After the entry of the United States into World War I, Richardson—promoted to brigadier general in August 1917—was assigned to command the 78th Infantry Brigade of the 39th Division at Camp Beauregard, Louisiana, in March 1918. Arriving at Brest, France, on 3 September 1918, Richardson's unit participated in the closing stages of the war. After the Armistice, General John J. Pershing assigned Richardson—because of his Alaskan cold-weather experience—to the Polar Bear Expedition in Murmansk in mid-March 1919. He arrived in Arkhangelsk on 17 April 1919 to take over command of the American North Russian Expeditionary Forces (ANREF) from Colonel George E. Stewart, who had arrived there in September 1918. Returning to the U.S. in October 1919, he was given command of the 5th Infantry Division until March 1920. Richardson then reverted to the rank of colonel and retired in October 1920.

==Awards==
He received the Army Distinguished Service Medal which was awarded for his actions during the Russian Civil War. The citation reads:

The President of the United States of America, authorized by Act of Congress, July 9, 1918, takes pleasure in presenting the Army Distinguished Service Medal to Brigadier General Wilds Preston Richardson, United States Army, for exceptionally meritorious and distinguished services to the Government of the United States, in a duty of great responsibility during World War I. As Commanding General of the American Expeditionary Forces in North Russia, by his skillful handling of the many difficult situations which arose, General Richardson rendered a signal service to the United States Government.

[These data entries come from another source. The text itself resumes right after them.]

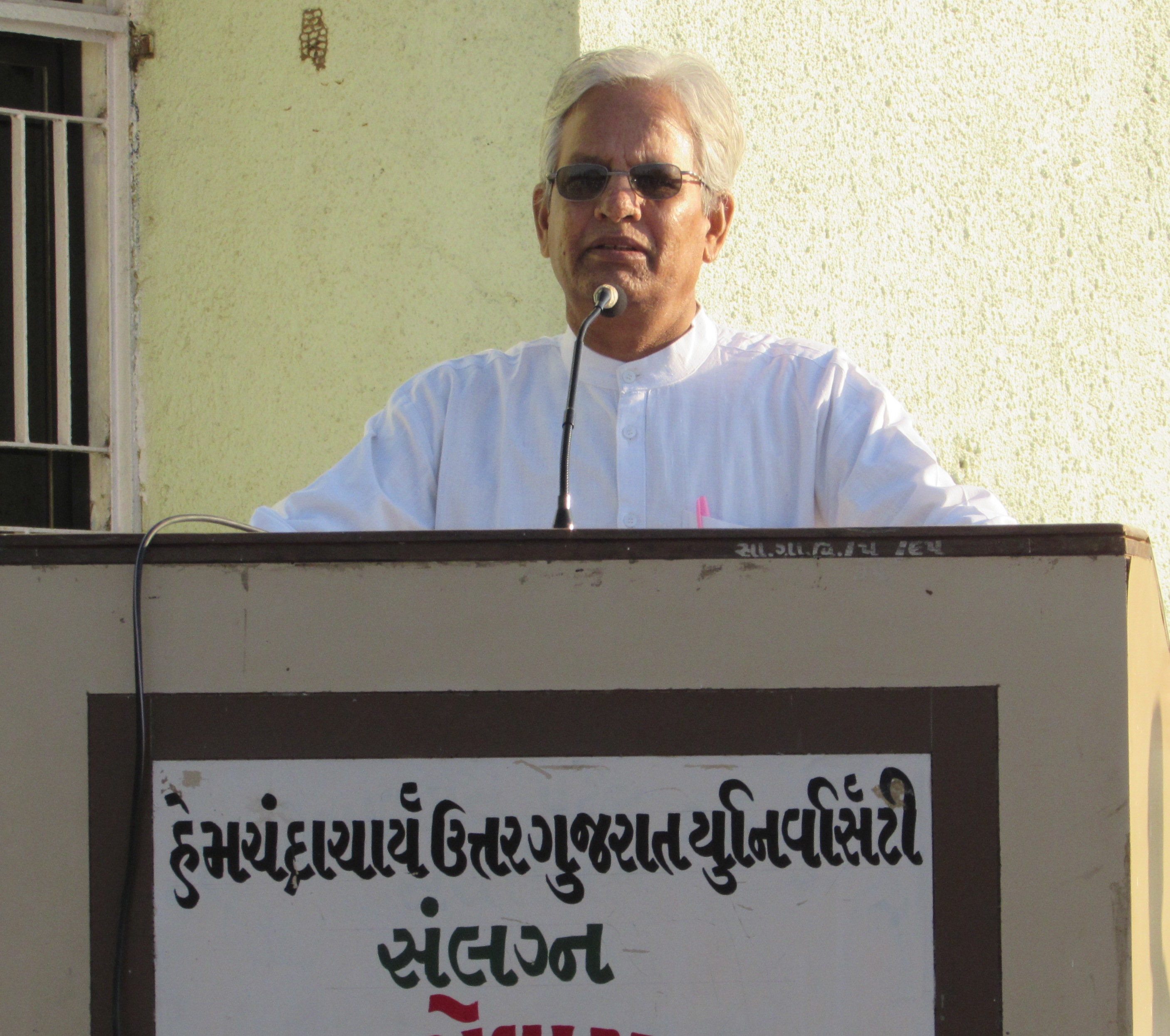 Dr Phoolchand Gupta at Sabargram Mahavidyalay, Prantij on 26 January 2016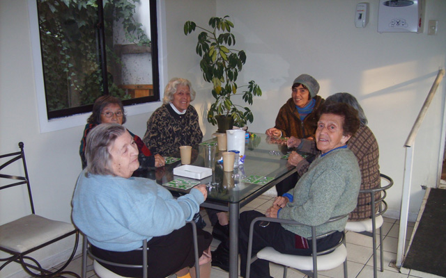 Fotografia de un hogar de ancianos en chile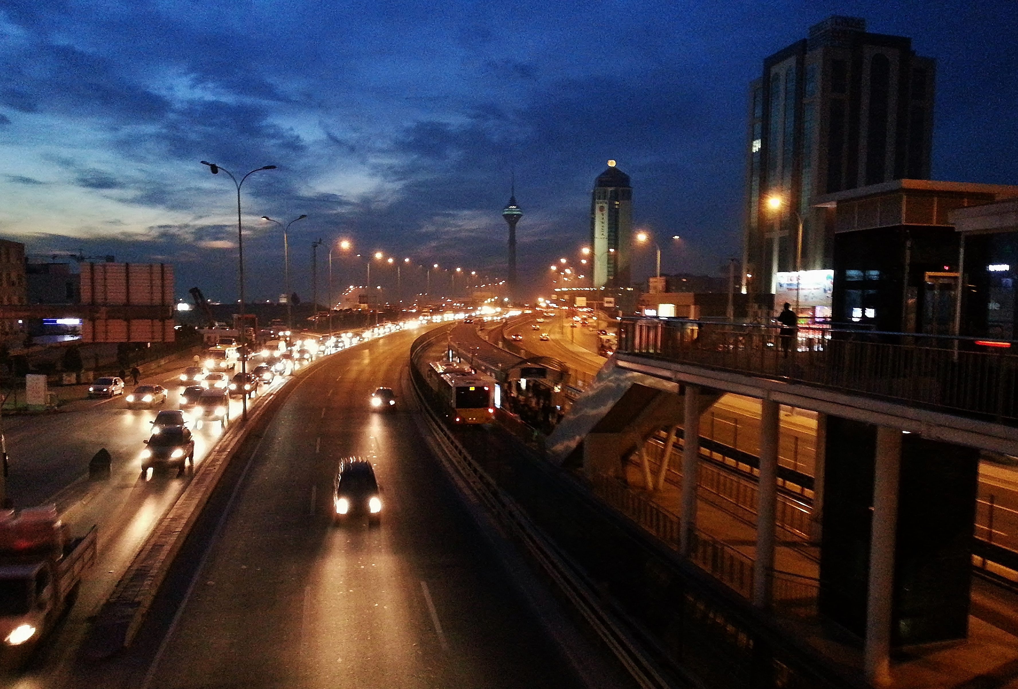 beylikduzu hadimkoy beykent metrobus stationTürkçe: Beylikduzu Hadımköy Beykent Metrobus Istasyonu, arçelik, autopia, giza plaza, fatih koleji outlet park, sarar shell.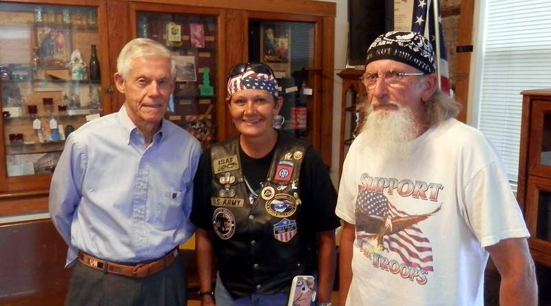 Retired Major General John V. Cox (USMC) and members of the Missoui Patriot Guard Riders followng a speaking engagment in Macon, Missouri in August, 2013.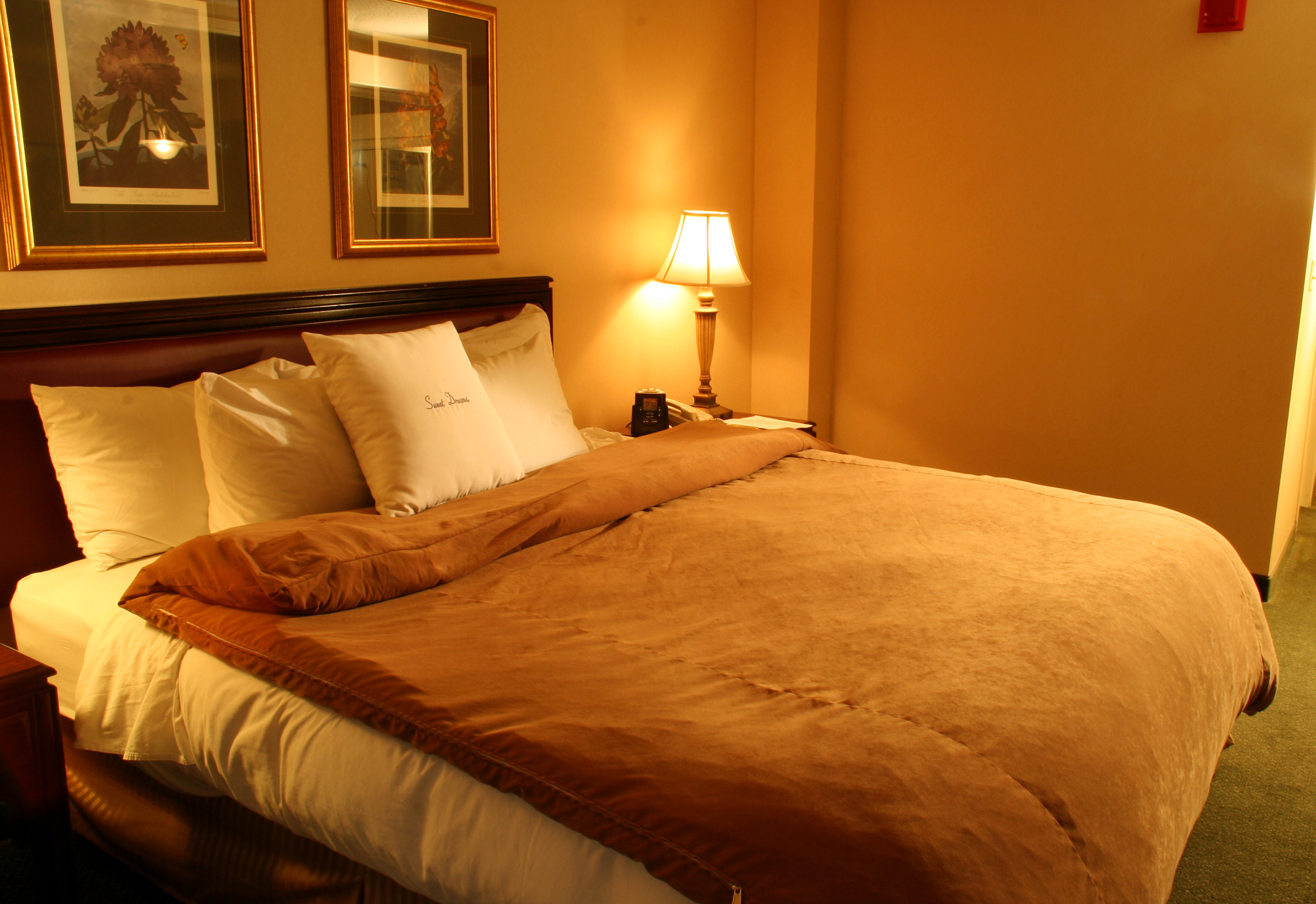 Hotel suite bedroom in the Doubletree Hotel in downtown Columbus, Ohio.

==Retirement, death, and legacy ==
Richardson lived the remainder of his years at the Army and Navy Club in Washington, D.C.; he died at Walter Reed Hospital on 20 May 1929 and was buried at West Point. He was posthumously promoted to brigadier general by a June 1930 act of Congress.

The U.S. Army post established near Anchorage, Alaska, in 1940 was named Fort Richardson in his honor. The Valdez-Fairbanks Trail, surveyed under his supervision in 1904, was named the Richardson Trail to honor him. In World War II, the U.S. Navy transport ship was named in his honor.